Work instruction: Although the data below contains pictures, output only the lines between those holding "Casemate, type 680, canon" and "- Grid Wire", inclusive, exactly and without those pictures.

# # # # # # #

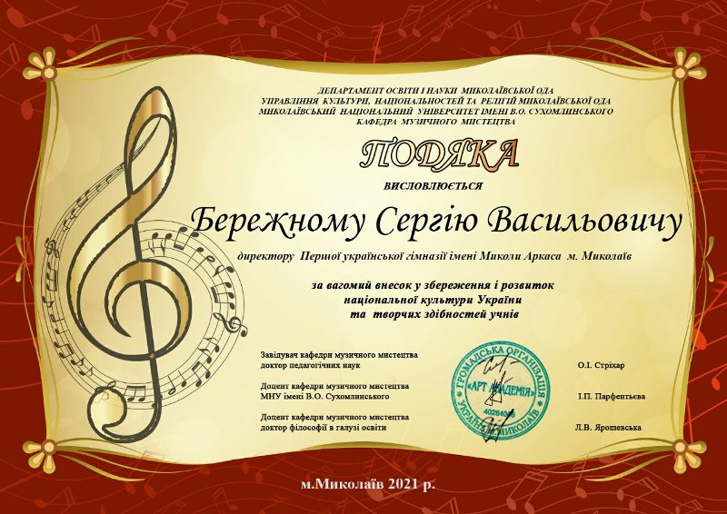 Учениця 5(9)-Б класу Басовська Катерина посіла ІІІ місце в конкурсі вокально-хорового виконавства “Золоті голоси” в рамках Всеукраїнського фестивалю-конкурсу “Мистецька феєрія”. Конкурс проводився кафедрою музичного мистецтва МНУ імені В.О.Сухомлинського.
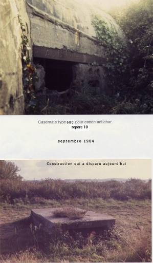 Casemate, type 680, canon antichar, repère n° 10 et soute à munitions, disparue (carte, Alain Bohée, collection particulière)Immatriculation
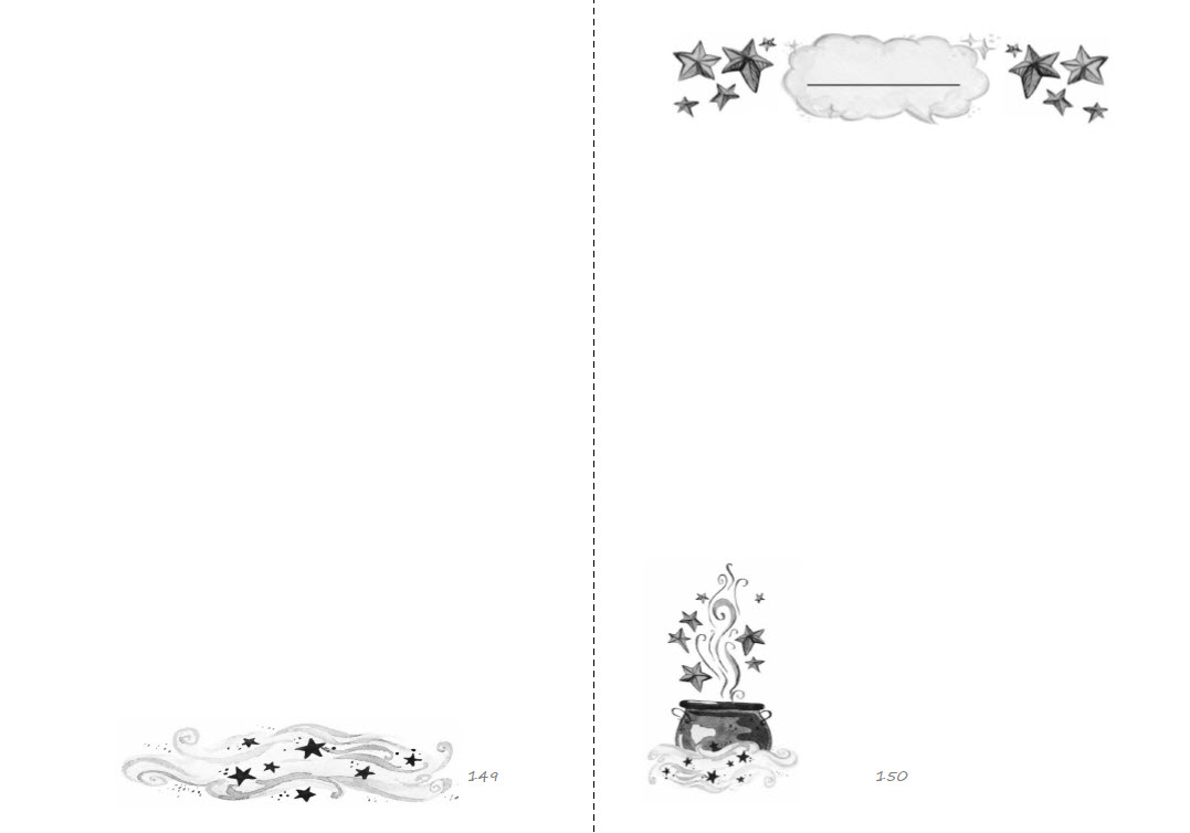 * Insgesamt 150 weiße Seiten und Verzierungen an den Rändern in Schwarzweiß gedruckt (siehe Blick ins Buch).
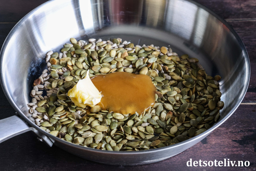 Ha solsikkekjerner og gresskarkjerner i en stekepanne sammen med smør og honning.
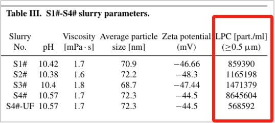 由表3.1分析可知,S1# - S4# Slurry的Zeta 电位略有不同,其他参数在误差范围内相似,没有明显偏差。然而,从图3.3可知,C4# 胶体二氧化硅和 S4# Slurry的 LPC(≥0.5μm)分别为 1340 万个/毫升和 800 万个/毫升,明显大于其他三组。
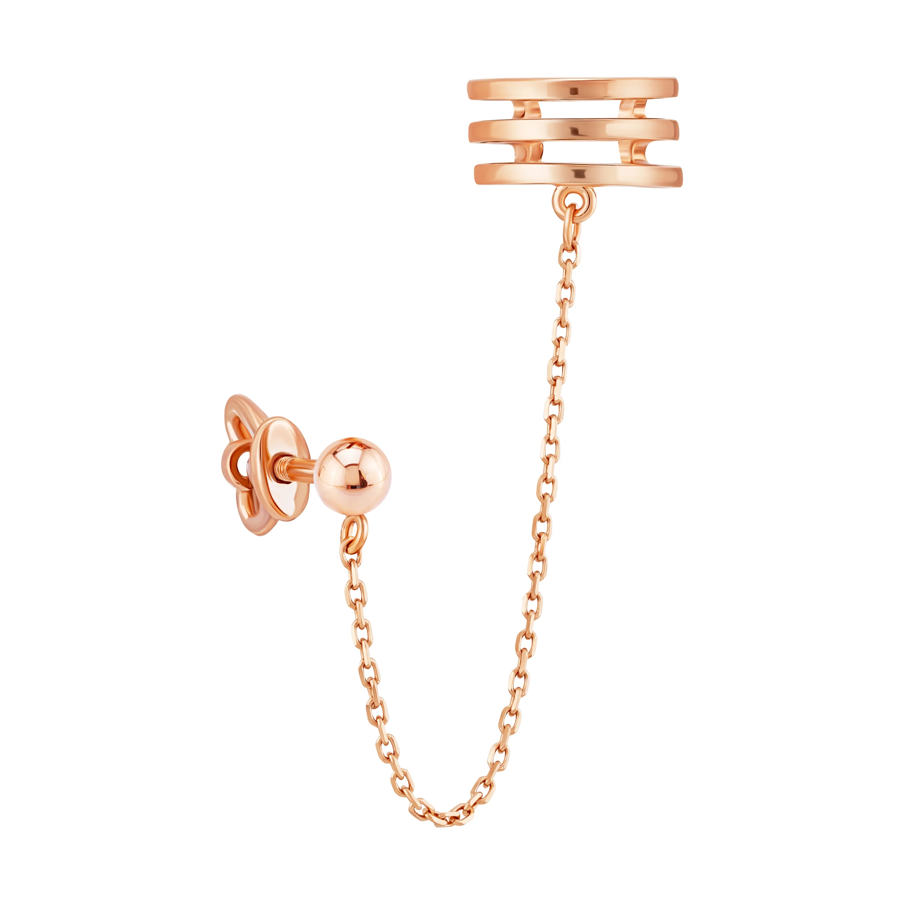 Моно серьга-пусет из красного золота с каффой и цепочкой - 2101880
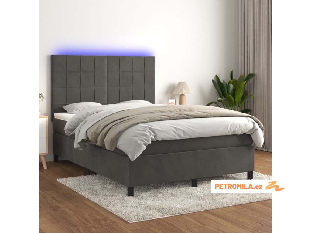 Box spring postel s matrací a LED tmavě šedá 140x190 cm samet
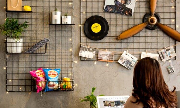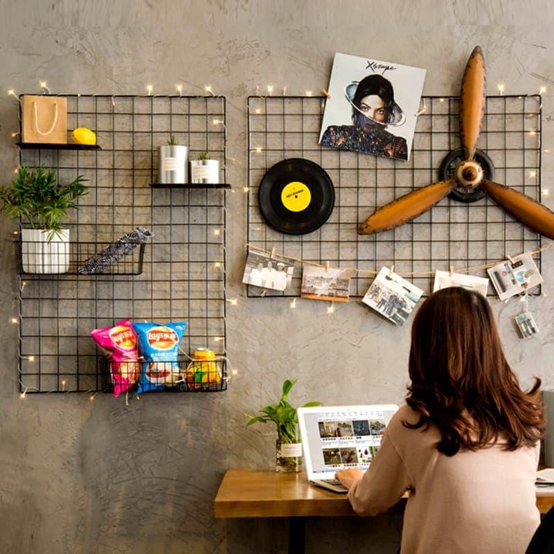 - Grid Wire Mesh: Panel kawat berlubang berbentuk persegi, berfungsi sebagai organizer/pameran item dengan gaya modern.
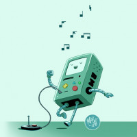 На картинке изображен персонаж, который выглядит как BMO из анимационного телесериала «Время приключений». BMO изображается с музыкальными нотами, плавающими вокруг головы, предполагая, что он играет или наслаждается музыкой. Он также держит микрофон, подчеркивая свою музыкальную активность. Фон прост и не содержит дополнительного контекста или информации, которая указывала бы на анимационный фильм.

# # # # # # #

Exercise solution:
 Casemate, type 680, canon antichar, repère n° 10 et soute à munitions, disparue (carte, Alain Bohée, collection particulière)Immatriculation
 * Insgesamt 150 weiße Seiten und Verzierungen an den Rändern in Schwarzweiß gedruckt (siehe Blick ins Buch).
 Ha solsikkekjerner og gresskarkjerner i en stekepanne sammen med smør og honning.
 由表3.1分析可知,S1# - S4# Slurry的Zeta 电位略有不同,其他参数在误差范围内相似,没有明显偏差。然而,从图3.3可知,C4# 胶体二氧化硅和 S4# Slurry的 LPC(≥0.5μm)分别为 1340 万个/毫升和 800 万个/毫升,明显大于其他三组。
 Моно серьга-пусет из красного золота с каффой и цепочкой - 2101880
 Box spring postel s matrací a LED tmavě šedá 140x190 cm samet
 - Grid Wire Mesh: Panel kawat berlubang berbentuk persegi, berfungsi sebagai organizer/pameran item dengan gaya modern.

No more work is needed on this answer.